A new EquiManagement report is urging veterinarians to think beyond lameness when a Western sport horse isn’t meeting expectations. Covering a presentation from the 2025 AAEP Convention, the article says poor performance in these horses is often multifactorial, with respiratory disease, muscle conditions, neurologic dysfunction, and metabolic disorders all deserving attention in the diagnostic workup. Ben Buchanan, DVM, DACVIM, DACVECC, of Brazos Valley Equine Hospital, framed the issue around both medical causes and a basic but important question: whether the horse has the genetics and capacity for the job being asked of it. (equimanagement.com)

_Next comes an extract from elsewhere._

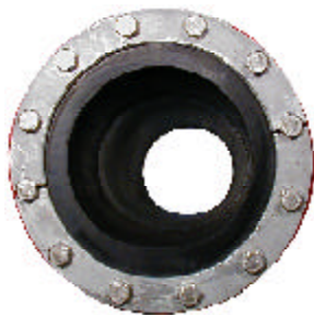
In the open position, the Weirflex is full-ported with no obstructions

That broader framing fits with how equine sports medicine specialists increasingly define poor performance. Purdue’s Equine Sports Medicine Center notes that the term is not a diagnosis in itself, and that veterinarians, trainers, and the pet parent need to agree on what exactly has changed, whether that’s speed, stamina, willingness, recovery time, or something else. The type of work matters, too: high-intensity, short-duration efforts place different demands on the horse than moderate or long-duration exercise, which helps explain why the same vague complaint can trace back to very different body systems. (vet.purdue.edu)

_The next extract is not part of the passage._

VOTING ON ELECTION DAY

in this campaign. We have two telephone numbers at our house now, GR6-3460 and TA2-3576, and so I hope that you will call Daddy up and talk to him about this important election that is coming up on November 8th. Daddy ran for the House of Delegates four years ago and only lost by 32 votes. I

In Buchanan’s presentation, the respiratory tract stood out as a commonly overlooked source of trouble. He recommended a complete history, careful thoracic auscultation, and a low threshold for bronchoalveolar lavage as part of a standard exam, along with static or dynamic endoscopy to assess upper airway function during fatigue. The EquiManagement report cites an upper airway endoscopy study in 164 exercising barrel horses showing that halving airway size produced a 16-fold increase in pressure needed to maintain airflow, illustrating how even partial obstruction can sharply increase respiratory effort. Buchanan also pointed to bronchoalveolar lavage, thoracic ultrasound, and radiography to investigate asthma, exercise-induced pulmonary hemorrhage, and inflammatory airway disease, while also stressing environmental management such as reducing dust exposure from hay and arena footing. (equimanagement.com)

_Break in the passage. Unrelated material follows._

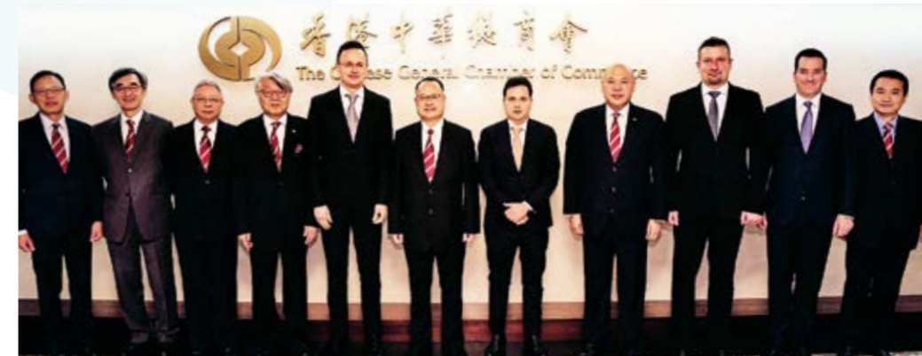
▲ 匈牙利外交及貿易部長 Péter Szijjártó (左五) Péter Szijjártó (fifth from left), Hungarian Minister of Foreign Affairs & Trade

The muscle workup is just as important, especially in Quarter Horses and related breeds. Buchanan highlighted inherited and acquired contributors including PSSM1, malignant hyperthermia, HERDA, trauma, and overexertion. He advised a thorough musculoskeletal exam, creatine kinase testing, and a submaximal exercise challenge, with muscle biopsy and genetic testing considered when enzyme elevations or persistent signs warrant it. The article also notes that myofibrillar myopathy can present as persistent irritability and soreness despite no obvious cardiovascular or soundness problem, and that diagnosis requires biopsy. Supporting that concern, published research has described myofibrillar myopathy as a cause of decreased exercise tolerance and poor performance in horses, while AAEP educational material also lists poor performance, exercise intolerance, and muscle pain among the signs seen with exertional myopathies. (equimanagement.com)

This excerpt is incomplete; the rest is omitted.